I shaped my hand into a phone and spoke into it: “See you in hell, you goat-voiced fraud.” Dyson was laughing. But the pain of losing Cassandra and Blake flooded back into me, and I curled over my knees. “You don’t get it,” I said. “People despise me.”
“Lucas wouldn’t leave you alone. You told him the world would be a more beautiful place without him. I would’ve said the same thing.”
“I won’t be any help.” I regret it now, but I wanted him to tell me he needed me, for him to douse me in praise. I wanted to be convinced.
He intuited this: “You’re organized. Brilliant. Persistent and patient—everything I’m not. I’m a big thinker. An ideas man. I shoot from the hip. Pow! Pow! But you have experience. You already made one program from scratch— had it senselessly taken from you. You’re an expert about group management, planning. I couldn’t possibly do this with anyone else.”
“You do need me,” I said, stupidly confident.
“And you need this. You’ve hit rock bottom. You’re broke. Evicted. The Atmosphere is your only path to redemption. I wish this could happen some other way, but this is the world we have: Americans love reckonings. They’re obsessed with atonement. Reform some men, prove you can care for guys like Lucas Devry, and the media will slobber over your tale of redemption. Boom: you get your life back.”
He insisted the plan was simple: The men would arrive at his property in a week. Over the next six days, he and I would prepare the camp, brainstorm strategies for transforming these men, strategies for bringing The Atmosphere to the public’s attention— “For your sake,” he said, though I knew Dyson was desperate for notoriety, albeit too proud to ever admit his desperation. He promised me a beautiful cabin in the woods and men who were ready to grow and evolve.

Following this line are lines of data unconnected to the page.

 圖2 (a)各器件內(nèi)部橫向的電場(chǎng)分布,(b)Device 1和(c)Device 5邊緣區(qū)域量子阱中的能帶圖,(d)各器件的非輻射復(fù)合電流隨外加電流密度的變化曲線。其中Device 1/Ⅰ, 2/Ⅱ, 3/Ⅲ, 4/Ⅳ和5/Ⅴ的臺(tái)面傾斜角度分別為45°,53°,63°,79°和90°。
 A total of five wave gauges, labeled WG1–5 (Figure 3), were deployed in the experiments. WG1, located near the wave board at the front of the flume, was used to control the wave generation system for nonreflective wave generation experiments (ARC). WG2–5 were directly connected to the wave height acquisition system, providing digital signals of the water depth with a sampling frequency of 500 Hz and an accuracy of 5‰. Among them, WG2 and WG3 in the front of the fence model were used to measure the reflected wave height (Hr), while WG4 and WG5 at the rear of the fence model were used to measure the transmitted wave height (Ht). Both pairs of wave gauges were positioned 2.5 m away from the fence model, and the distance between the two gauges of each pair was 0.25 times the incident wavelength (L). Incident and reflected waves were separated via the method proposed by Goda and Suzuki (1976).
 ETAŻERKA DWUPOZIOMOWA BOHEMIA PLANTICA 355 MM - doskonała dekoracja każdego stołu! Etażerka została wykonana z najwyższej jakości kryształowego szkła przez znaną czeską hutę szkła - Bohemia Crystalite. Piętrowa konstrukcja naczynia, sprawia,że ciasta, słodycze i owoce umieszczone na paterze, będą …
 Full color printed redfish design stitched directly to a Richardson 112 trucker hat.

“How does that sound?” he asked.
“Too good to be true,” I said.
“Sometimes things can be good and true. Have confidence in me for once. Just trust I know what I’m doing.”
He was right: I had no confidence in him. But if something went wrong, I had confidence in myself to fix it, or escape. I stood and leaned against the railing, rested my arms over the edge.

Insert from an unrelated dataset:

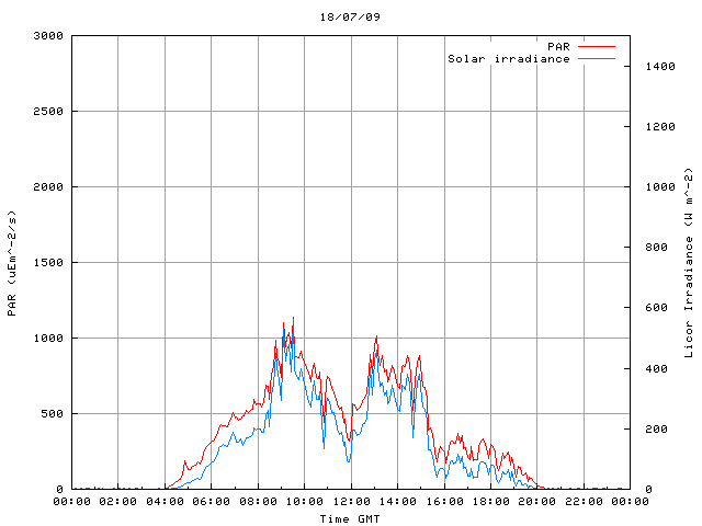 The PML meteorological station, situated on the south-west corner of the building roof, consists of a Hygroclip S3 temperature and humidity sensor housed in a radiation shield, a Mierij Meteo solid state wind sensor (MMW-005), a Chelsea instruments half-hemisphere PAR sensor, a Li-Cor pyranometer (LI-200SZ) and an Omni Instruments 6" tipping bucket raingauge (RG200). The data are logged every 5 minutes using a Pace Scientific XR5 data logger. The real-time rainfall data is likely in error - the correct values will be displayed after a time lag of approximately 24 hours. The meteorological station is sheltered from winds in the north-east and underestimates winds from this quarter. To use these data please contact Dr Tim Smyth.
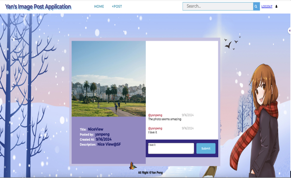 A full-featured photo sharing platform with user authentication, image posting, search functionality, and commenting system.

Dyson took this for what it was: a sign I would join him. He edged in beside me, shoulder to shoulder, and I felt unexpectedly safe.

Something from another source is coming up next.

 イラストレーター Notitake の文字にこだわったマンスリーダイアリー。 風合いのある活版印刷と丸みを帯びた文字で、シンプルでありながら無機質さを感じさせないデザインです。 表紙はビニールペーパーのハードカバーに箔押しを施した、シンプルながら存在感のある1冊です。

A young girl screamed from the ground floor of the mall.
She was pointing at a purple helium balloon that was drifting to the ceiling. “I got it!” Dyson shouted. It was a foolishly confident thing to say and even more foolish for him to stretch over the railing. I pressed a hand to his back to hold him in place. I was sure the balloon would slip past him, that a gust of central air would blow it beyond his reach and that he’d tumble over the railing to his death. But he palmed the balloon with one hand and cradled it to his chest. He rushed down the escalators to deliver it to the girl. Bystanders applauded the miracle they had witnessed. The girl hugged the balloon. Dyson refused the mother’s attempt to slip him some bills. He ascended the escalators as if gliding on a wave of his own self-satisfaction and pride. A bright, blinding light of inevitability shined inside me: Perhaps I had every reason to trust him. Everything he described would happen exactly as he described it. I was sure of it then.
The girl released the balloon. A collective gasp spread through the mall.